Description of the task: Only the lines from the start of the data through the line with "ヨーロッパ古着80sオーロラカラーレトロブラウス" belong in the copy. Restate them word for word, minus the pictures.

*** Data below

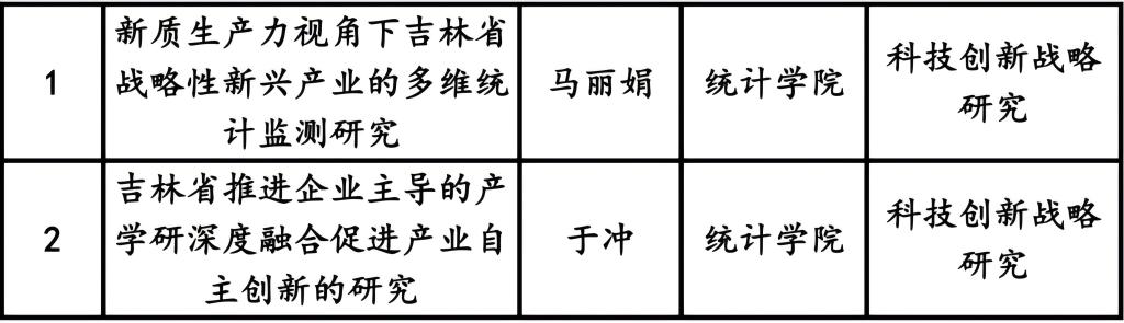 近日,吉林省科技厅公布2025年度吉林省科技发展计划项目立项名单,海角视频 表现突出,2项课题获批立项,占全校立项数的15.4%,立项率稳居全校前列。马丽娟老师的《新质生产力视角下吉林省战略性新兴产业的多维统计监测研究》聚焦新兴产业发展前沿,于冲老师的《吉林省推进企业主导的产学研深度融合促进产业自主创新的研究》剖析产教融合新路径
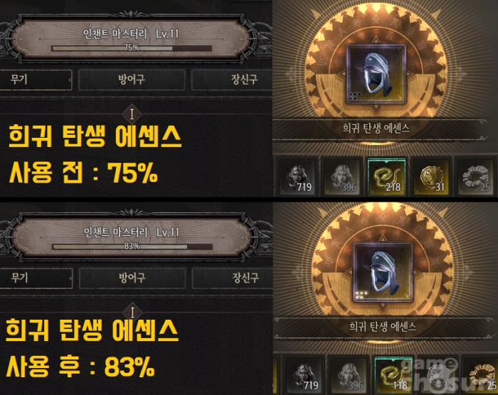즉, 희귀 등급 장비 에센스가 진짜 필요한 상황이면 모를까, 단순히 마스터리 경험치를 올리기 위해 에센스를 사용한다면 그냥 드롭된 상태 그대로 사용하는 것이 좋다.
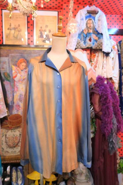 ヨーロッパ古着80sオーロラカラーレトロブラウス
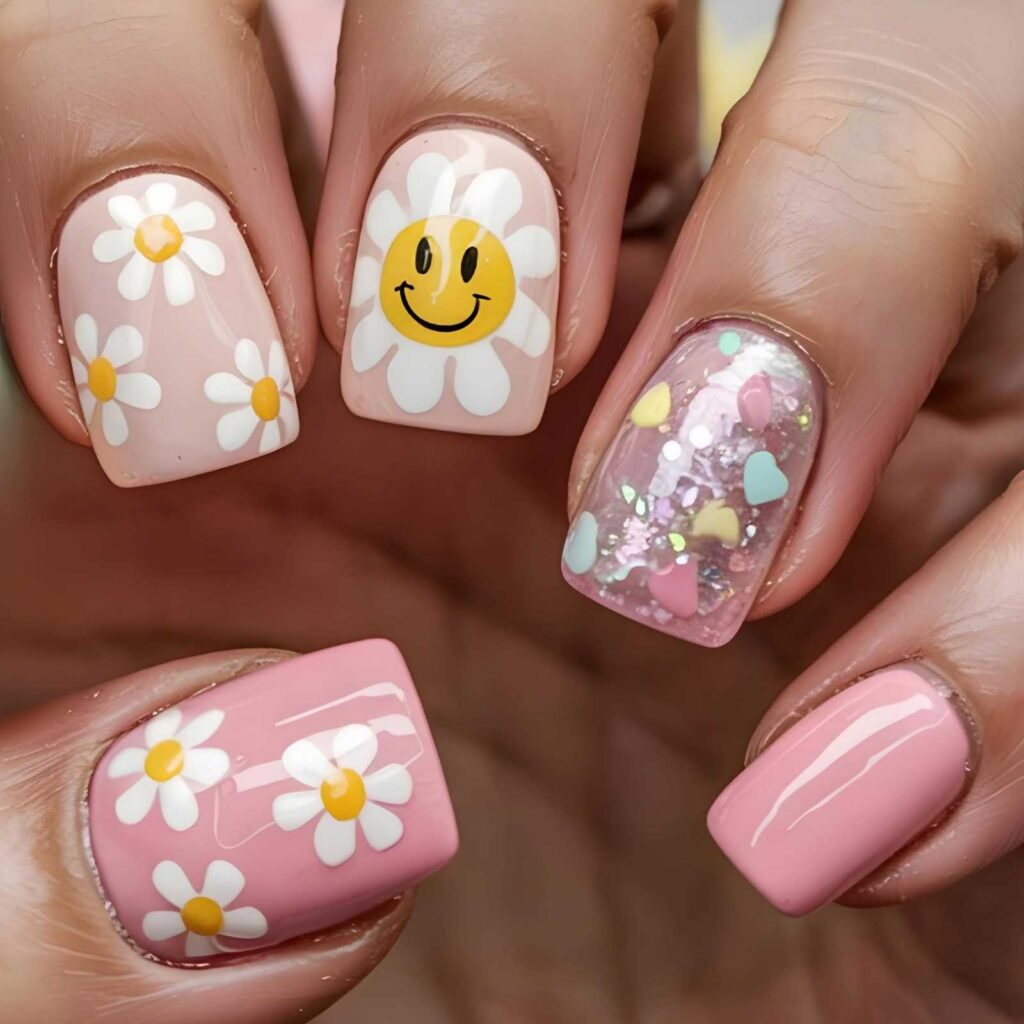 Sheer nude short almond nails, two accent fingers featuring a hand-painted daisy with a cheerful yellow smiley-face center (black eyes & curve), and one with iridescent pastel heart-shaped glitter + micro-confetti in pink, mint, and gold. The glossy finish seals the sparkle, and the elongated shape flatters every hand. Playful, radiant, and full of childlike wonder—optimism, made tactile.

******

Output for this exercise:
 近日,吉林省科技厅公布2025年度吉林省科技发展计划项目立项名单,海角视频 表现突出,2项课题获批立项,占全校立项数的15.4%,立项率稳居全校前列。马丽娟老师的《新质生产力视角下吉林省战略性新兴产业的多维统计监测研究》聚焦新兴产业发展前沿,于冲老师的《吉林省推进企业主导的产学研深度融合促进产业自主创新的研究》剖析产教融合新路径
즉, 희귀 등급 장비 에센스가 진짜 필요한 상황이면 모를까, 단순히 마스터리 경험치를 올리기 위해 에센스를 사용한다면 그냥 드롭된 상태 그대로 사용하는 것이 좋다.
 ヨーロッパ古着80sオーロラカラーレトロブラウス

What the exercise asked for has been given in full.